** Task instructions **
Nothing but the pictures should be dropped; repeat the rest of the data below exactly.

** Collected material **
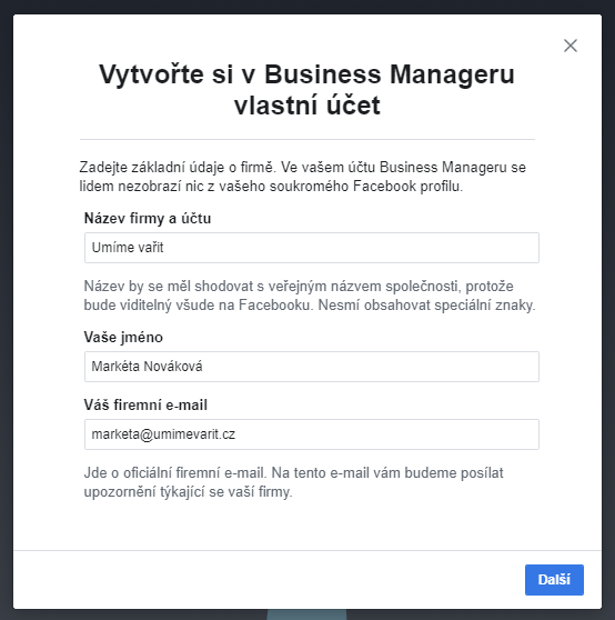 Dialogové okno pro vytvoření účtu v Business Manageru
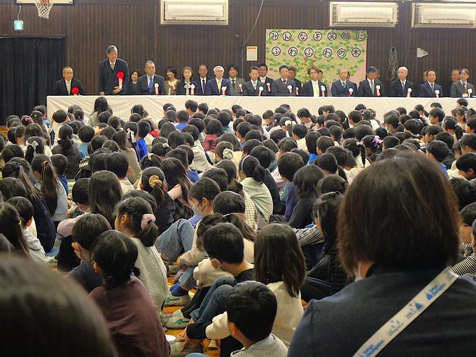 低学年のクラス写真撮影の後は、全校児童で記念撮影をしました。
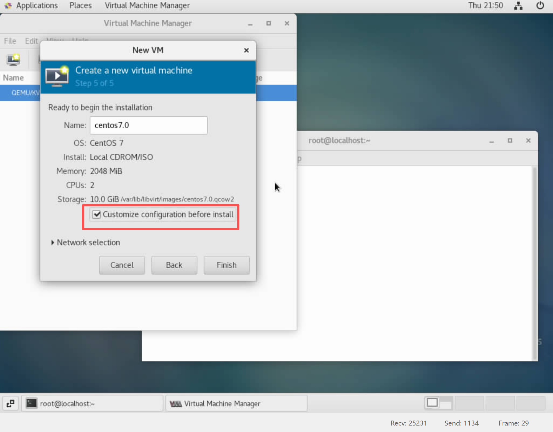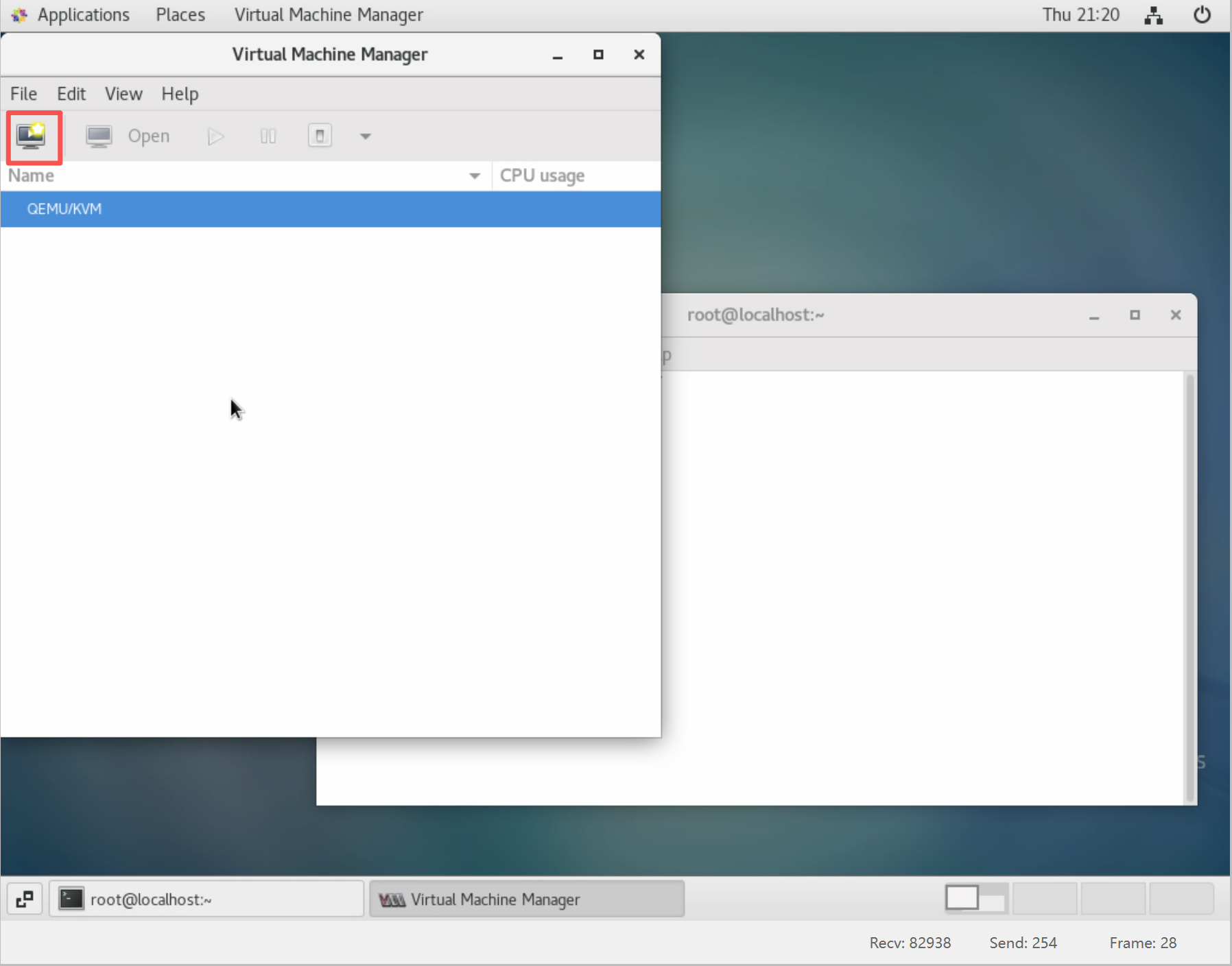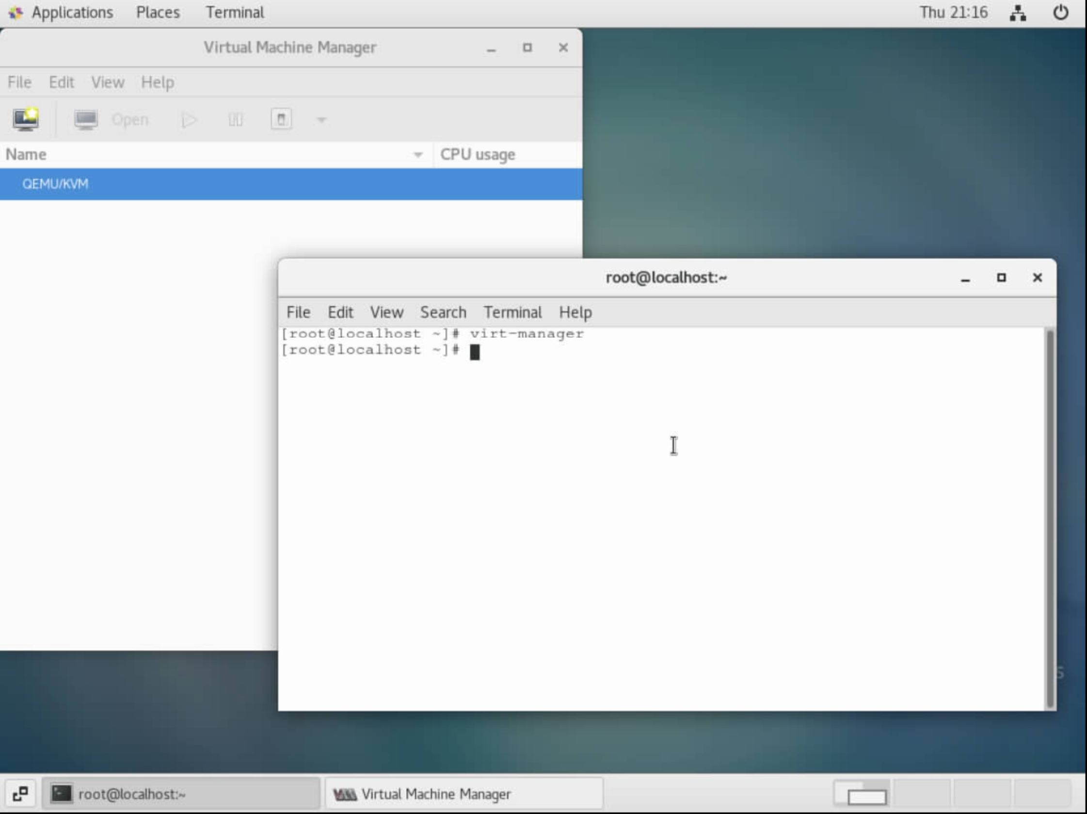 - 在terminal界面通过virt-manger命令启动virt-manger GUI操作界面:
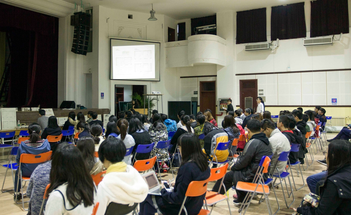 2016年10月20日和21日,威廉体育williamhill二年级建筑设计课程首次在公司西城校区老员工活动中心礼堂进行了九班联合大评图活动。课程负责人李春青副教授与教学小组隆重邀请了三位当前从业的著名建筑师北京建筑设计研究院城市际线工作室副主任张涛建筑师、北京土人城市规划设计有限公司建筑设计总监黄锦宜建筑师和众建筑工作室主持建筑师臧峰先生参与了这次评图。评图场面热烈,同学们进行了班级内部评图、班级之间交叉评图与九班图纸模型串联大观摩,同时也接受了从业建筑师现场评图的严格检验与建议。

** Response box **
 Dialogové okno pro vytvoření účtu v Business Manageru
 低学年のクラス写真撮影の後は、全校児童で記念撮影をしました。
 - 在terminal界面通过virt-manger命令启动virt-manger GUI操作界面:
 2016年10月20日和21日,威廉体育williamhill二年级建筑设计课程首次在公司西城校区老员工活动中心礼堂进行了九班联合大评图活动。课程负责人李春青副教授与教学小组隆重邀请了三位当前从业的著名建筑师北京建筑设计研究院城市际线工作室副主任张涛建筑师、北京土人城市规划设计有限公司建筑设计总监黄锦宜建筑师和众建筑工作室主持建筑师臧峰先生参与了这次评图。评图场面热烈,同学们进行了班级内部评图、班级之间交叉评图与九班图纸模型串联大观摩,同时也接受了从业建筑师现场评图的严格检验与建议。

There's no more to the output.